PROJECTING THE distinct and complex identity of today's Australia are a series of 10 quality feature films to be screened in Delhi as part of a film festival titled "Visions of Australia'' beginning this coming Saturday.

The ten films were selected from a package prepared by the Australian Film Commission for use by Australian diplomatic missions in a project called the "Embassy Roadshow'' under the auspices of the Australian International Cultural Council.

The films to be screened as part of the festival include "Bootmen'', "Better than Sex'', "Innocence'' and "My Mother Frank'' all of which are examples in best Australian film-making and depict the Australian identity, its multi-cultural life and its diverse landscape.

The festival also offers an opportunity to see an extraordinary and award-wining new documentary film, "My Mother India'' which explores the heritage of a multicultural marriage and is a very personal journey between India and Australia. Made by Safina Oberoi, who has her origins in India, the film combines interviews of her family, particularly her mother who hails from Punjab. "The film is also a journey into who I am and where I come from,'' says Safina.

Interestingly, there is another film which revolves around the director's relationship with his mother. However, unlike "My Mother Frank'', "Mother India'' has a distinct Indian flavour and it explores the effect of the anti-Sikh riots on a woman who is still very much in love with her land. "As I made this film, I began to understand the profound effect the events of 1984 had on my family,'' says the young director.

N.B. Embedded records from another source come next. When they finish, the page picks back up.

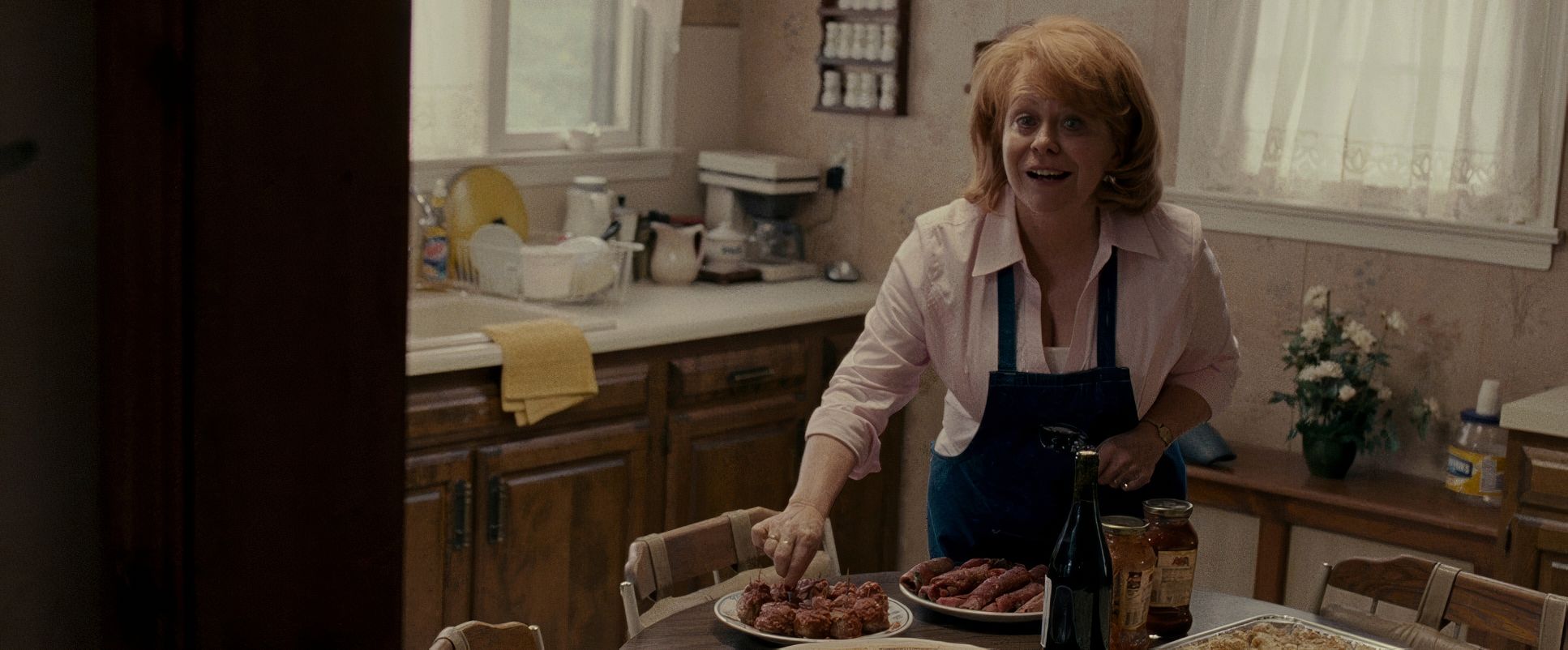 The use of wider focal lengths (even for close-ups) means we never lose the sense of the environment. We see the wood paneling of the walls and the clutter of the living room even when we’re focused on the actors. This choice makes the world feel “lived-in.” The blocking doesn’t feel like actors hitting marks; it feels like a family navigating a small house they’ve lived in for thirty years.
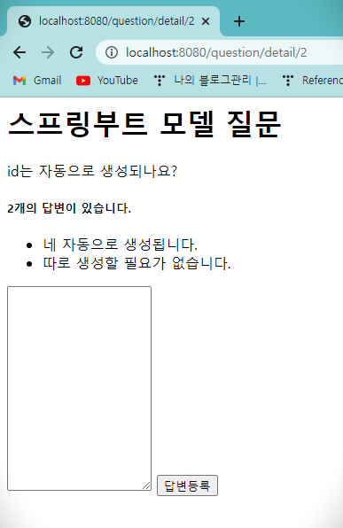 질문 상세 페이지에 답변 표시하기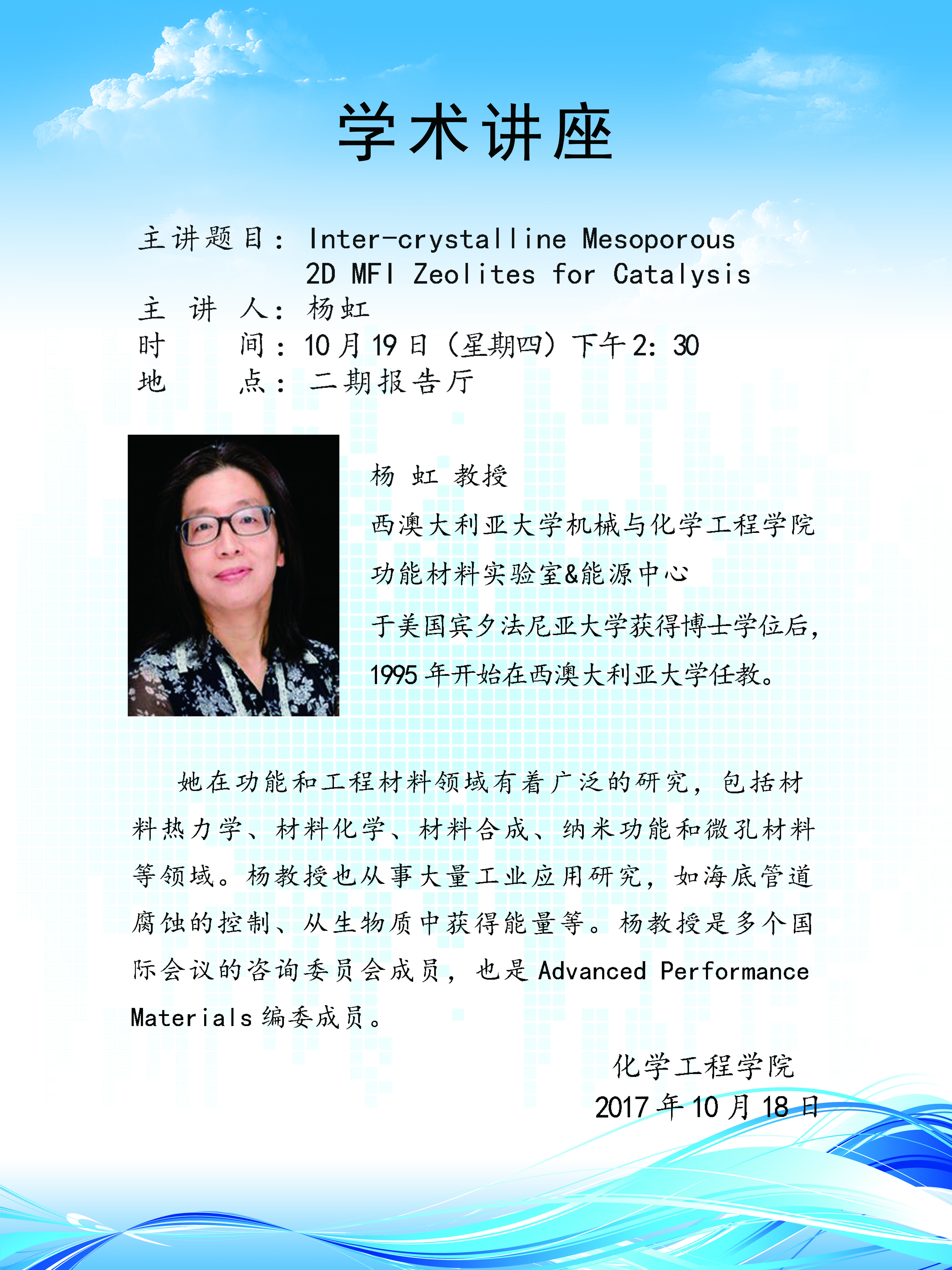 讲座题目:Inter-crystalline Mesoporous 2D MFI Zeolites for Catalysis

Other films to be shown as part of the festival include "Soft Fruit'', "Siam Sunset'', "Radiance'' "The Wog Boy'', "Doing Time for Patsy Cline'' and "The Dish''. Most of the films have been shown in film festivals across the globe and have been internationally acclaimed.

The festival to be inaugurated on Saturday will begin with the screening of "Bootmen'' directed by Dein Perry. An inspirational film, the story revolves around a young Newcastle steel worker who is determined to escape his small town existence. Despite many obstacles including personal tragedy, he finally beats the odds and realises his dream of forming a successful tap group. The film serves as a reminder of the good old saying that "every great journey begins with a single step!''

By Kannan K.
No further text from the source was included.